On 12/22/2015 10:06 AM, L. David Baron wrote:
On Tuesday 2015-12-22 11:49 -0500, Ehsan Akhgari wrote:
On 2015-12-22 11:18 AM, Kartikaya Gupta wrote:
On Mon, Dec 21, 2015 at 3:11 PM, L. David Baron <dba...@dbaron.org> wrote:
I agree it's definitely gone up recently, and agree that it causes a
lot of wasted time.  I'm not convinced about closing the tree,
though; keeping the tree closed for extended periods just leads to
big backups.

How about everybody reading this message takes a look at the list on
http://brasstacks.mozilla.com/orangefactor/ and takes one of them to
fix?  (Or, better, redoes the search filtered on the last 3 days
instead of last 7.)

I feel like a voluntary approach is likely to have very little effect,
given the way our goals and priorities are structured. There's very
little incentive to voluntarily spend time banging your head against a
wall. That's why I'm more in favor of a forced approach that is
mandated by managers/product owners/sheriffs (i.e. people who can
actually tell us to some extent what to do).
I have tried to volunteer some time from my weekends occasionally to look
into the most recurring oranges every few weeks, and usually every time I
manage to figure out a handful of bugs by spending a few hours and as a
result OF would go down in the following week, but then it would go back up
again.  This is a demotivating task and doesn't really scale to the
magnitude of our orange problem.  I agree with kats that a voluntary based
approach will not go anywhere.
Managers should definitely be supporting this, and sheriffs (and
anybody else with push access) should be backing things out for
causing intermittent oranges (even if that's not discovered until
days/weeks later).

If people don't feel they can fix intermittent oranges during the
business day as part of their job, that's a problem.

Hm... it seems like you could take that further. Fixing oranges could be considered to be going "above and beyond" your normal responsibilities (unless you're just fixing your own!).
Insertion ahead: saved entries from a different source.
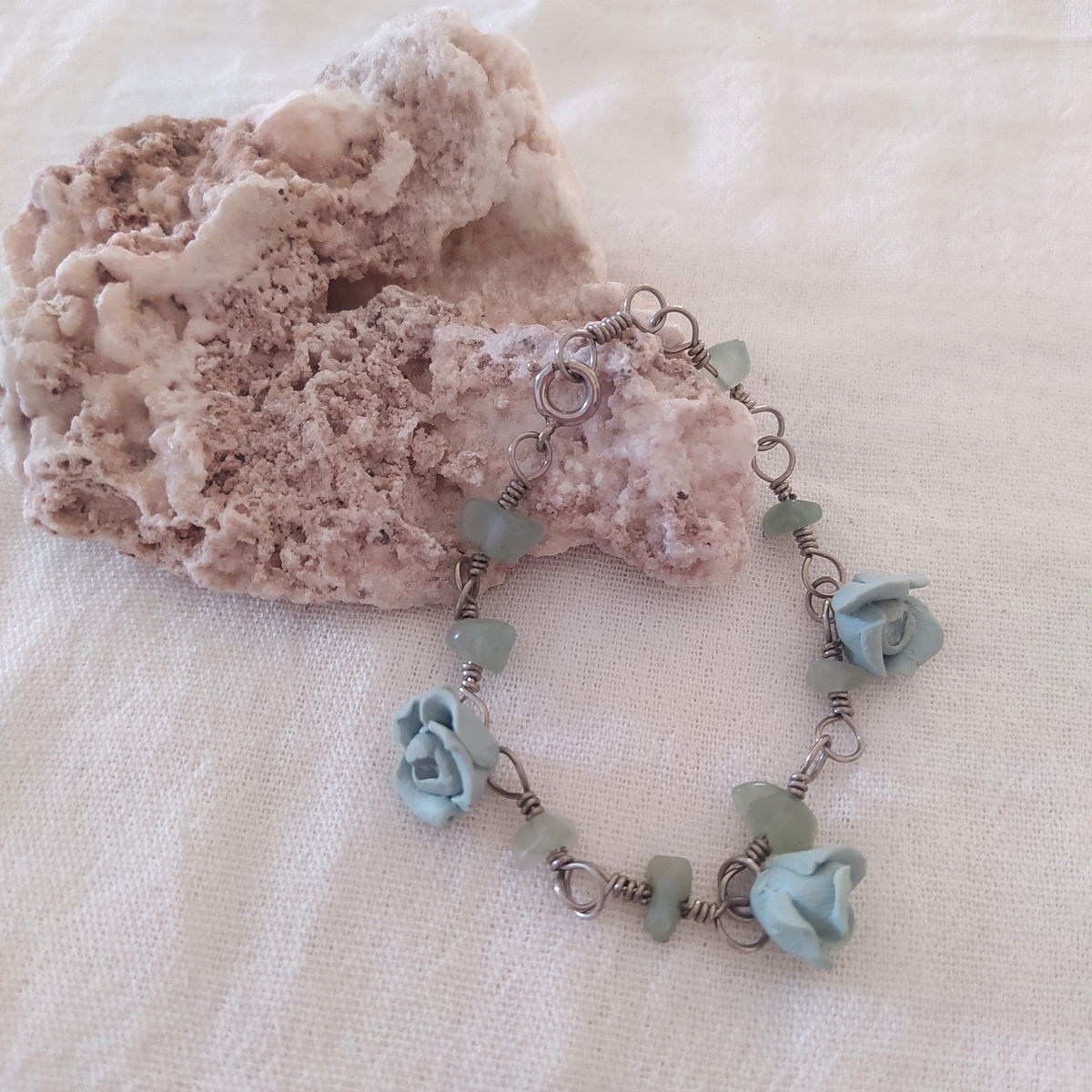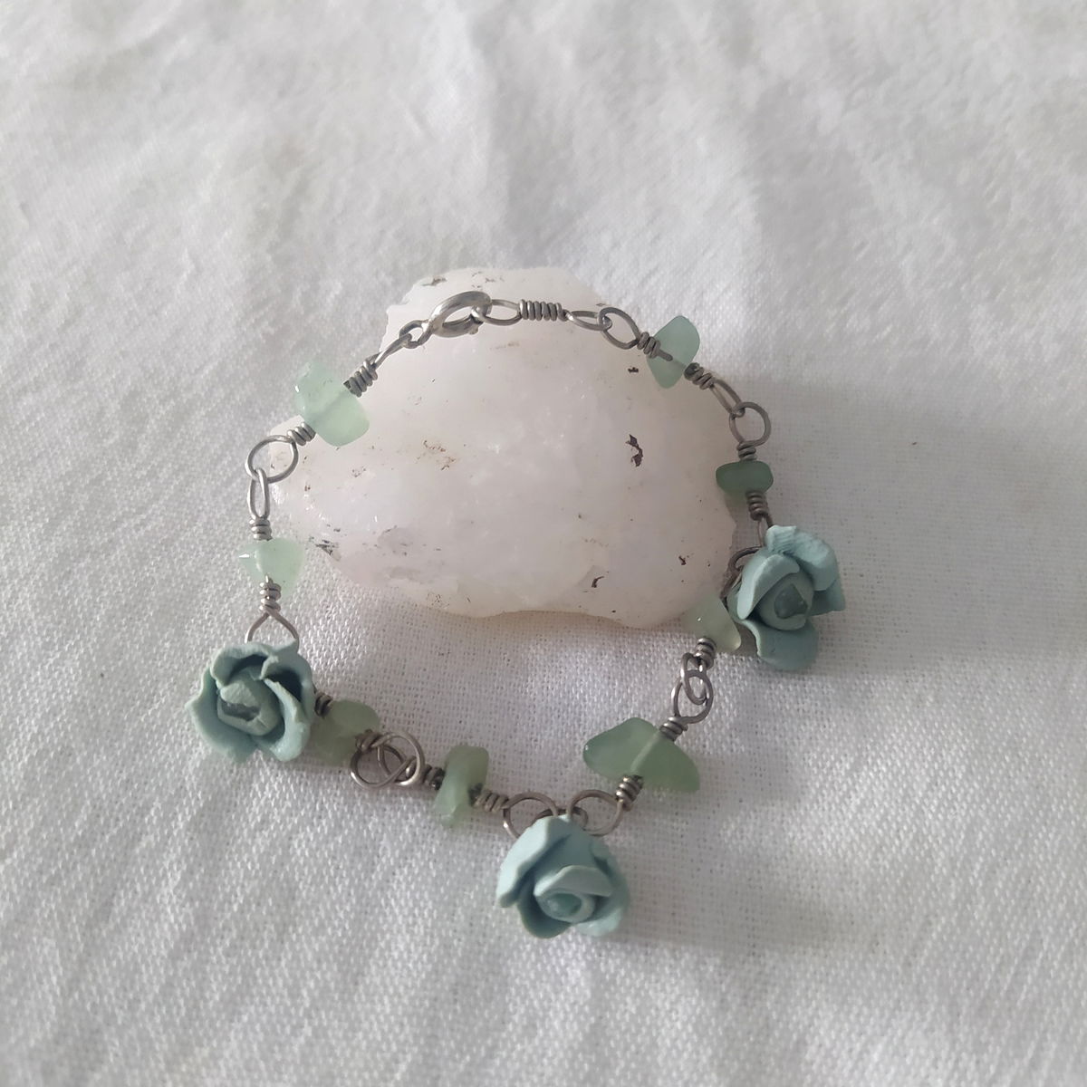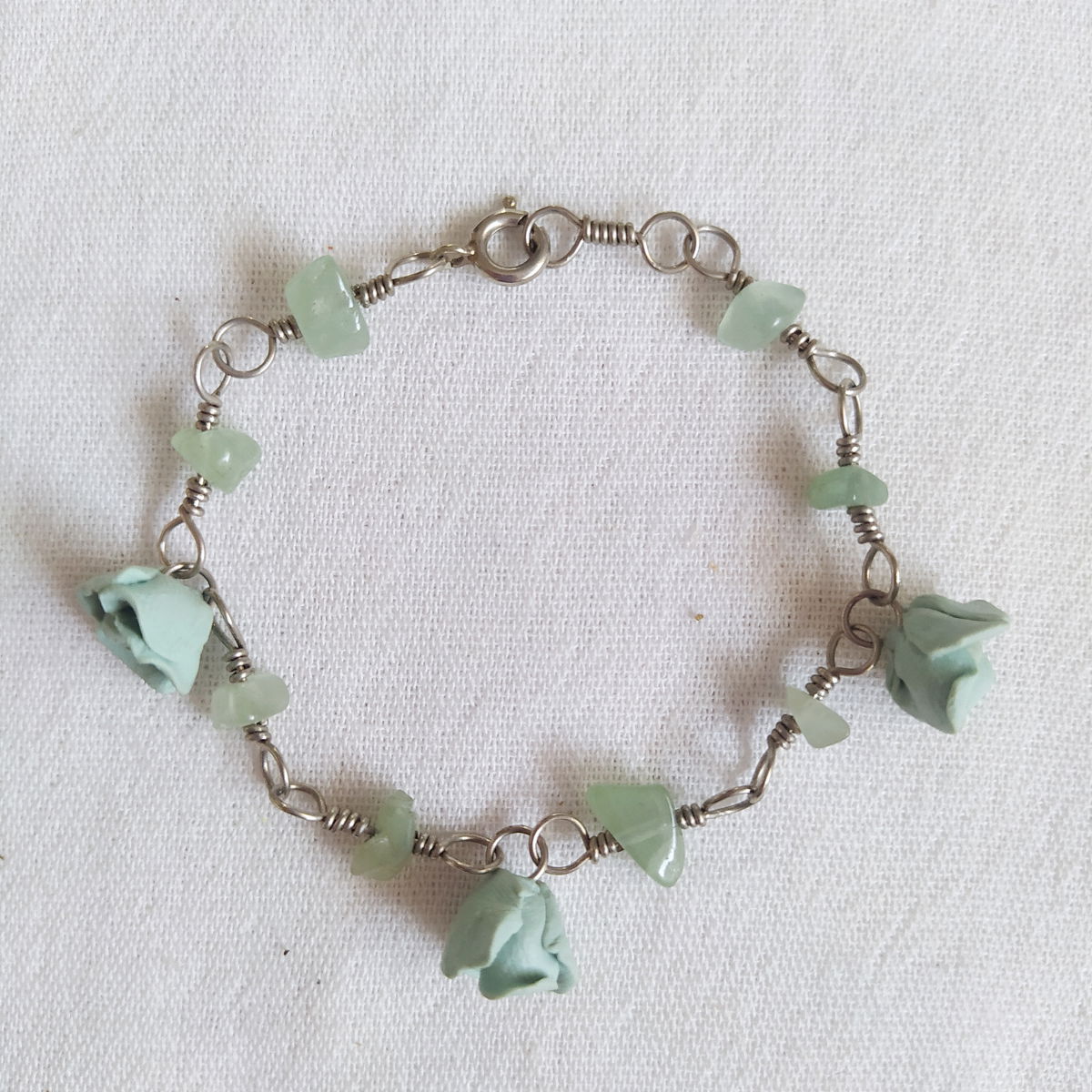 Pulsera de alpaca con jade y flores verde aqua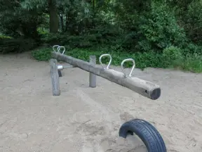 Memorable park with long cable to zipline on, and water play area you pump water into. Many trees, and benches for parents.
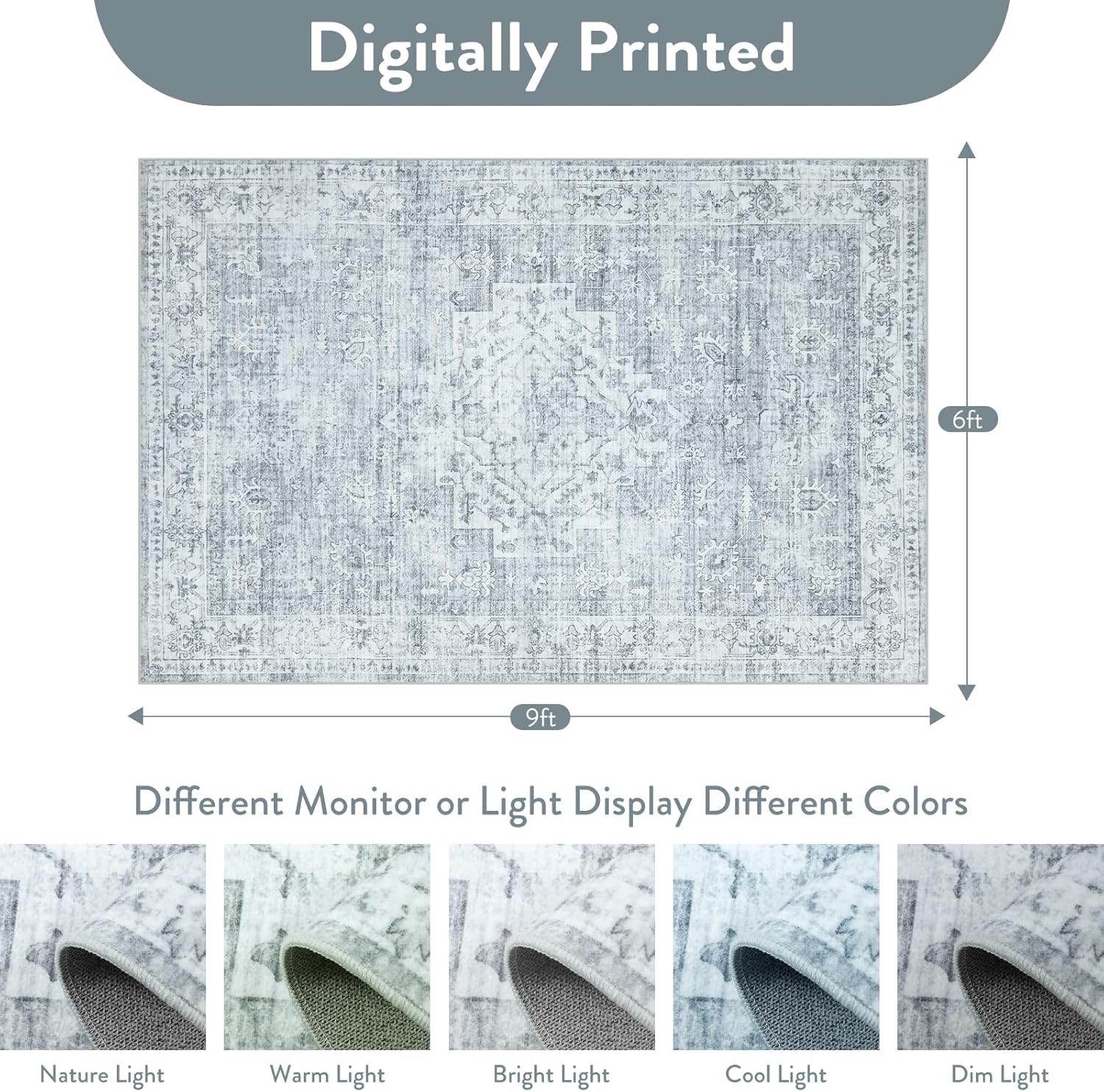 LIVEBOX Washable Area Rug 6x9 Rugs for Living Room Dining Room Under Table, Non-Slip Boho Neutral Carpet for Bedroom, Low-Pile Farmhouse Soft Carpets for Nursery Room Playroom, Grey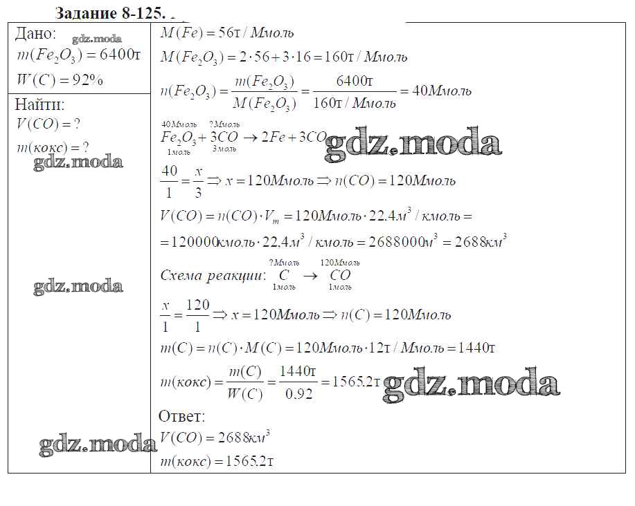 ГДЗ решение к заданию № 8-125 Химия 9 класс задачник Кузнецова Н.Е. Вентана-граф 2015 ФГОС бесплатно на гдз.мода!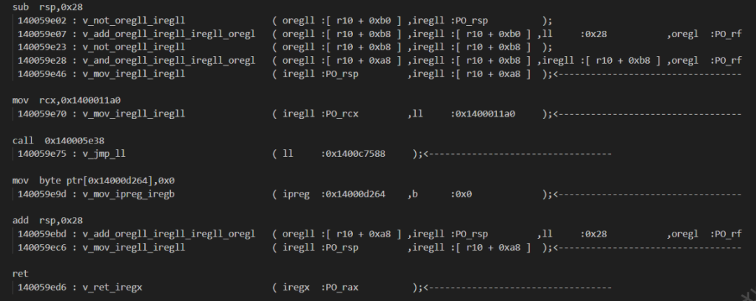 #上一个例子的 函数 0x140001250 它的 V_RIP 就是 0x140059dc2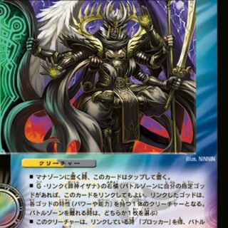 カードを自分の墓地から手札に戻した時、自分の山札の上から1枚目をマナゾーンに置いてもよい。G・リンク《雷神リキ》の右横(バトルゾーンに自分の指定ゴッドがあれば、このカードをリンクしてもよい。リンクしたゴッドは、各ゴッドの特性〔パワーや能力〕を持つ1体のクリーチャーとなる。バトルゾーンを離れる時は、どちらか1枚を選ぶ)このクリーチャーは、リンクしている時「W・ブレイカー」を得る。

So for employees, you could convert N hours of orange-fixing into up to M hours of additional PTO whenever the orange factor > k. :-) If intermittent orange is indeed a large project-wide drag on resources (and I believe it is), then the M+N hours of regular work "lost" in this way should be more than compensated for by the reduced overhead on everyone.

Just a thought from someone who wouldn't have to work through the details. And it's crazy enough already that I won't mention the tacked-on idea that if unpaid contributors spend time fixing oranges, then we'd send them free graphics hardware of the sorts that we have low pre-release coverage on, with no strings attached other than "if you give this away, please don't remove the sticker that says 'You can help Firefox! Just switch to the beta release channel! This card is worth 42 points on Mozilla's Hardware Diversity Scoreboard.'")... ;-)

But I don't think having mozilla-inbound/mozilla-central be closed
more than it already is is going to help anything.  It will just
make people frustrated that they can't land what they've been
working on.

Amen. Trying to artificially force this stuff is going in the wrong direction. After all, you'd be reducing productivity from the top-down in order to improve productivity. It might work, it might not, it might help for a while but have long-term negative consequences.

Personally, I feel like getting farther away from our volunteer-driven roots is dangerous. Sure, we have lots of paid staff now, but you really don't want any more selection pressure to push the overall contributor base towards people who are involved for the money and away from people who are motivated by the mission.